Leave out the images and repeat the listing below without a single change.

__DATA SHOWN__

::::::

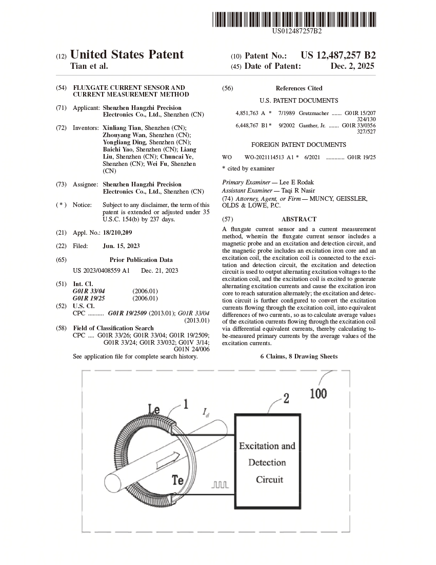深耕高精度電量測量技術多年,航智始終秉持“技術為驅動,客戶為中心,品質為生命線”的理念,憑借自主核心技術構建起覆蓋電流傳感器、電壓傳感器、電測儀器儀表的完整產品線,產品廣泛應用于新能源、醫療設備、計量校準、科研院所、軌道交通等關鍵領域。此次美國發明專利的獲批,是航智技術創新之路的重要里程碑,更是服務全球客戶的新起點。
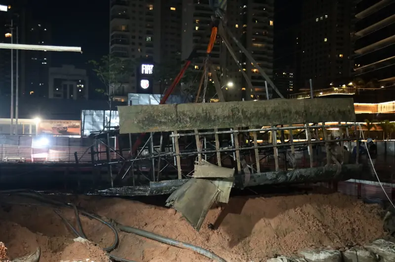 Último segmento de embarcação antiga encontrada na Nova Doca é resgatado na noite desta segunda-feira (27)
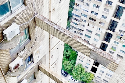 “外墙上贴釉面砖可能是当年比较流行的工艺吧。我们周边有很多房龄近三十年的大楼,外墙也都是这么贴的。”孟阳说,再好的工艺也熬不过时间。近三十年,风吹日晒热胀冷缩,甚至居民家安装空调时的人为因素,让这些原本坚固的瓷砖纷纷脱落。
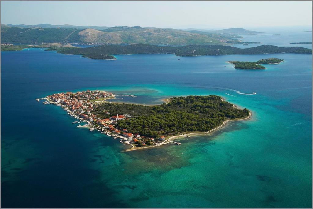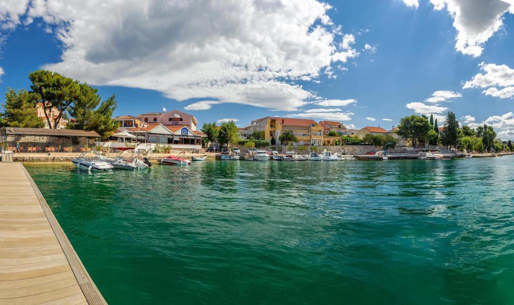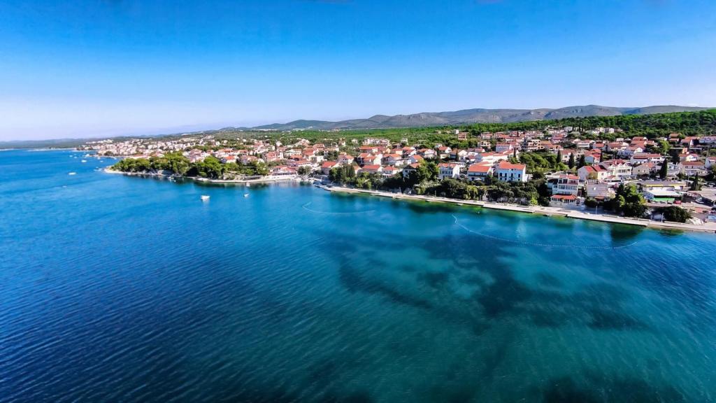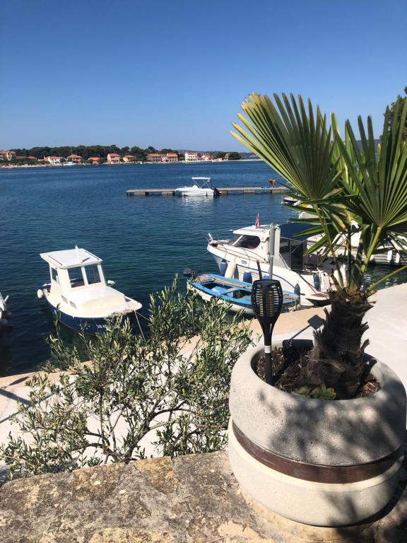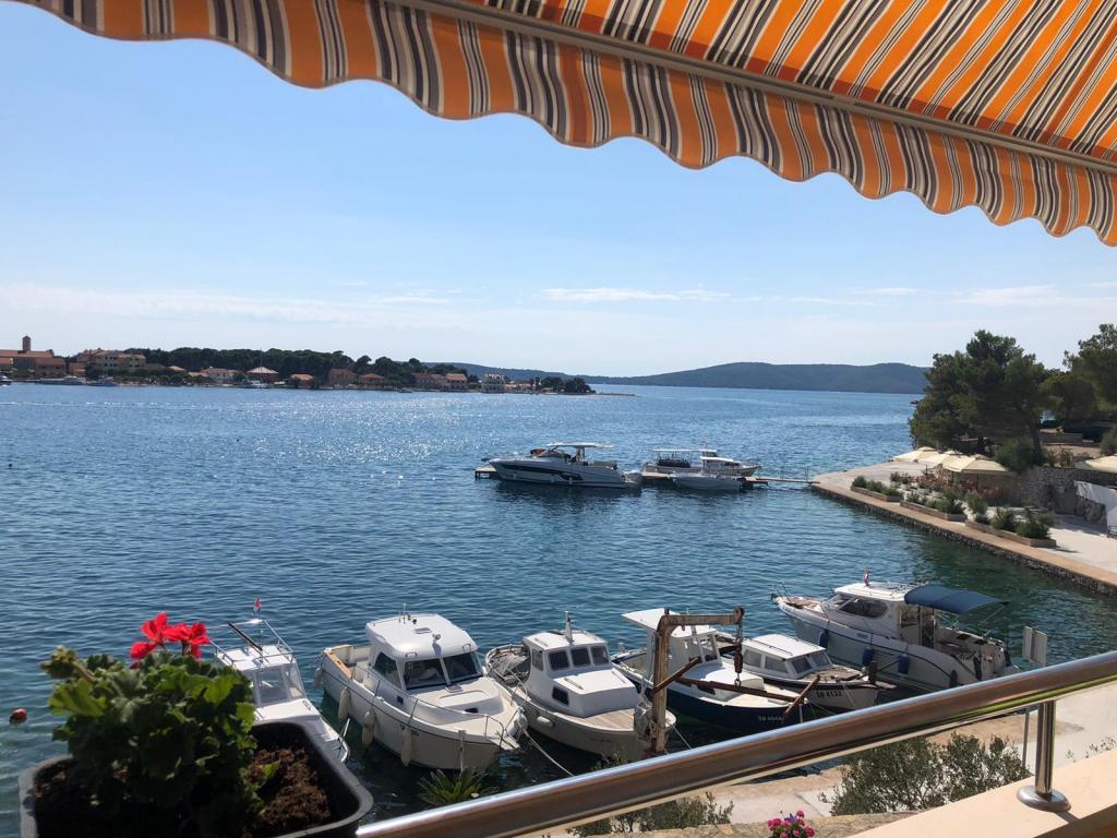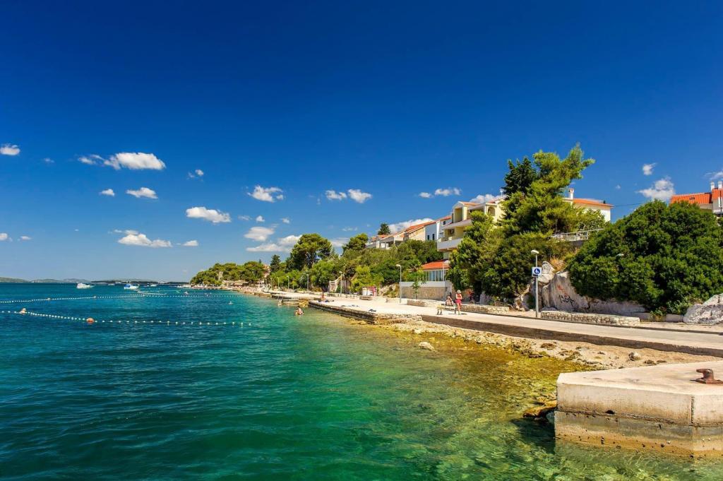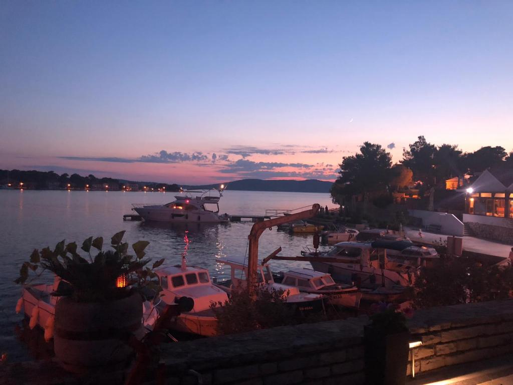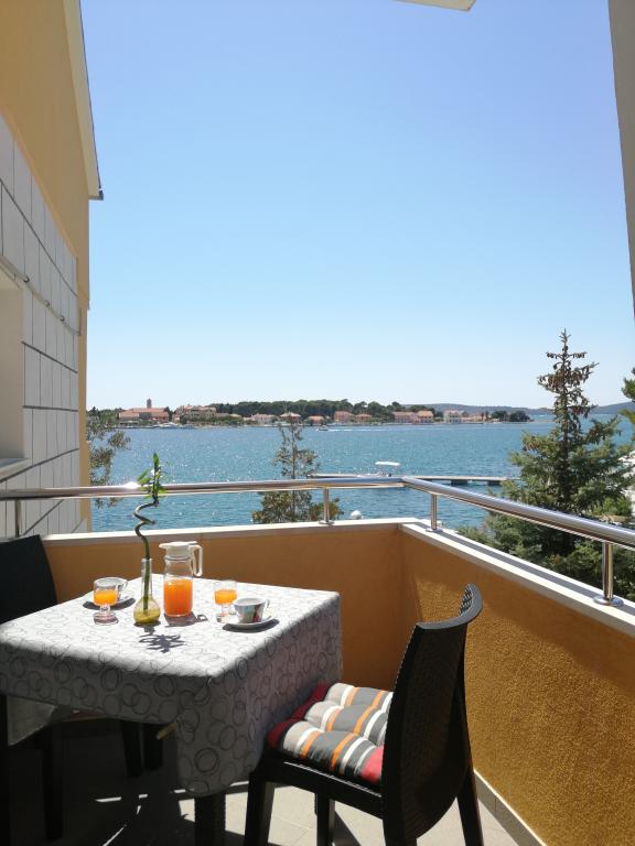 Naši apartmaji se nahajajo prve vrste do morja v čudovitem zalivu na Brodarici, ki ponuja pogled na najmanjši otok na Jadranu - Krapanj. Ponujamo 2 studio apartmaja, ki vsebujeta popolnoma opremljeno kuhinjo, kopalnico s tušem, brezplačen internet in parkirišče ter možnost uporabe žara. Imamo tudi dodaten privez za čoln. V neposredni bližini so številni kavarni, picerije, trgovine in restavracije. Tudi v polmeru 100m so zdravniška ordinacija, pošta, trajektno pristanišče, ki redno vozi na otok Krapanj in avtobusna postaja za mesto Šibenik. Idealno izhodišče za bližnji narodni park Krka in Kornati ter za mesto Šibenik, ki ponuja bogato kulturo in različne kulturne in zgodovinske spomenike. Če izberete naše apartmaje, smo prepričani, da boste preživeli prijeten in nepozaben dopust.

::::::

__RESPONSE FOR THIS EXERCISE__
深耕高精度電量測量技術多年,航智始終秉持“技術為驅動,客戶為中心,品質為生命線”的理念,憑借自主核心技術構建起覆蓋電流傳感器、電壓傳感器、電測儀器儀表的完整產品線,產品廣泛應用于新能源、醫療設備、計量校準、科研院所、軌道交通等關鍵領域。此次美國發明專利的獲批,是航智技術創新之路的重要里程碑,更是服務全球客戶的新起點。
 Último segmento de embarcação antiga encontrada na Nova Doca é resgatado na noite desta segunda-feira (27)
 “外墙上贴釉面砖可能是当年比较流行的工艺吧。我们周边有很多房龄近三十年的大楼,外墙也都是这么贴的。”孟阳说,再好的工艺也熬不过时间。近三十年,风吹日晒热胀冷缩,甚至居民家安装空调时的人为因素,让这些原本坚固的瓷砖纷纷脱落。
 Naši apartmaji se nahajajo prve vrste do morja v čudovitem zalivu na Brodarici, ki ponuja pogled na najmanjši otok na Jadranu - Krapanj. Ponujamo 2 studio apartmaja, ki vsebujeta popolnoma opremljeno kuhinjo, kopalnico s tušem, brezplačen internet in parkirišče ter možnost uporabe žara. Imamo tudi dodaten privez za čoln. V neposredni bližini so številni kavarni, picerije, trgovine in restavracije. Tudi v polmeru 100m so zdravniška ordinacija, pošta, trajektno pristanišče, ki redno vozi na otok Krapanj in avtobusna postaja za mesto Šibenik. Idealno izhodišče za bližnji narodni park Krka in Kornati ter za mesto Šibenik, ki ponuja bogato kulturo in različne kulturne in zgodovinske spomenike. Če izberete naše apartmaje, smo prepričani, da boste preživeli prijeten in nepozaben dopust.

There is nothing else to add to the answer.